Time and task management sound very simple, but many of us fail to put them into practice. Taking the time each day in work to write out a list of tasks and prioritise them can make achieving daily goals a lot easier. Crossing off tasks on a list is satisfying and shows us how much we achieve each day. It also helps us become better at understanding how much we can reasonably expect to achieve each day. Starting the day with a mile long list of things to do in our heads is an almost guaranteed way to fail. When we are overwhelmed like this, we usually respond by ignoring the list and doing something completely different instead. This is not helpful.
Myth 4: The most popular techniques for reducing stress are the best ones.
No universally effective stress reduction techniques exist (although many magazine articles and pop psychology articles claim to know them!). We are all different — our lives are different, our situations are different, and our reactions are different. A comprehensive stress management program tailored to the individual works best, and working with someone in a systematic way to learn strategies and put them into practice can be immensely helpful. For one person, it's daily meditation, for another, it's exercise, for someone else, it is connecting with friends and loved ones - we each have our own ways of coping.

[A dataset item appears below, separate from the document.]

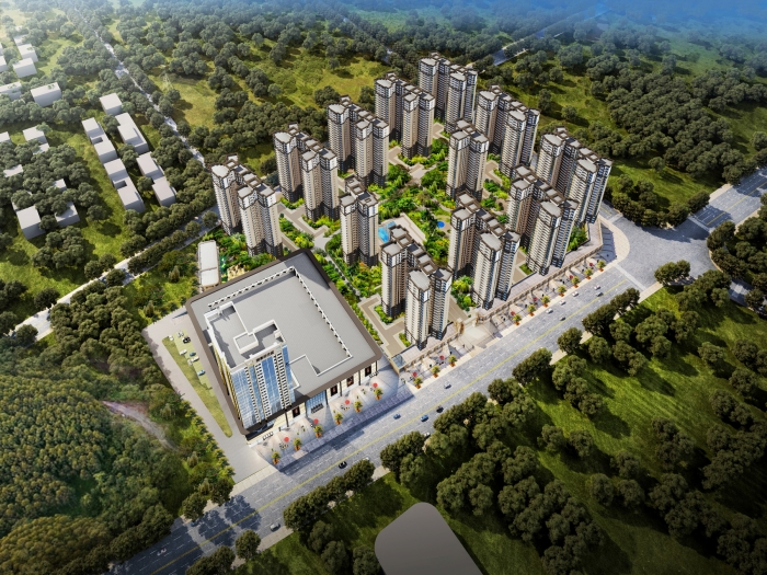 該項目注重建筑生態性以及合理有序與創新的設計原則,在總體規劃中沿用地邊線呈展開布局13棟高層住宅,另配套設置3層樓高的大型商場、1所幼兒園、兩層地下停車庫及配電房、垃圾收集房等設施;在總體內環境布局中利用環形道路設計出大型中心花園,在花園首層中布置公共架空層,并引入綠化景觀,形成更多元化的休閑空間。
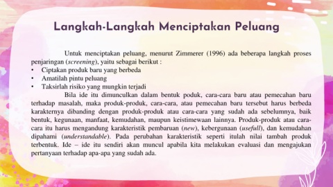 Untuk menciptakan peluang, menurut Zimmerer (1996) ada beberapa langkah proses

Common effective stress management techniques include:
Relaxation and meditation – see the exercise links on the Relaxation Page;
Regular exercise – walking, jogging, yoga, pilates, cycling, team sports… you decide! Exercise pumps endorphins (feel good hormones) through our body. And although you think you don't 'feel like it', as my mother used to say - You'll never feel worse when you get back home!
Taking time out to read or listen to music;
Spending time with family or friends, without talking about your stressors!
Regular time spent on a hobby – painting, knitting, photography, a night class, dancing, cooking, again it’s what works for you that matters. And if you don’t have any hobbies, then why not think about one you might like to start?
Myth 5: No symptoms, no stress.
An absence of symptoms does not mean the absence of stress. In fact, camouflaging symptoms with medication may deprive you of the signals you need for reducing the strain on your physiological and psychological systems. Many of us experience symptoms of stress in a very physical way, even though stress is a psychological effect. Feeling anxious, shortness of breath, or simply feeling run down all the time can all be physical signs of stress. Feeling overwhelmed, disorganized and having difficulty concentrating are common mental signs of stress.
If you do experience these ‘low grade’ symptoms then take the time to think about the pressure you are under, either personally or in work. Then decide if you can change things for the better yourself, or whether you need some help or support. If you do, then reach out and ask for it, or contact a professional. This includes your GP, and/or a counsellor.
Myth 6: Only major symptoms of stress require attention.
This myth assumes that the “minor” symptoms, such as headaches or stomach acid, may be safely ignored. Minor symptoms of stress are the early warnings that your life is getting out of hand and that you need to do a better job of managing stress. If you wait until you start feeling the “major” symptoms of stress such as a heart attack, it may be too late. Those early warning signs are best listened to earlier rather than later. A change in lifestyle, such as exercising more, to deal with those early warning signs will be far less costly, in time and economics, than dealing with the effects of not listening to them.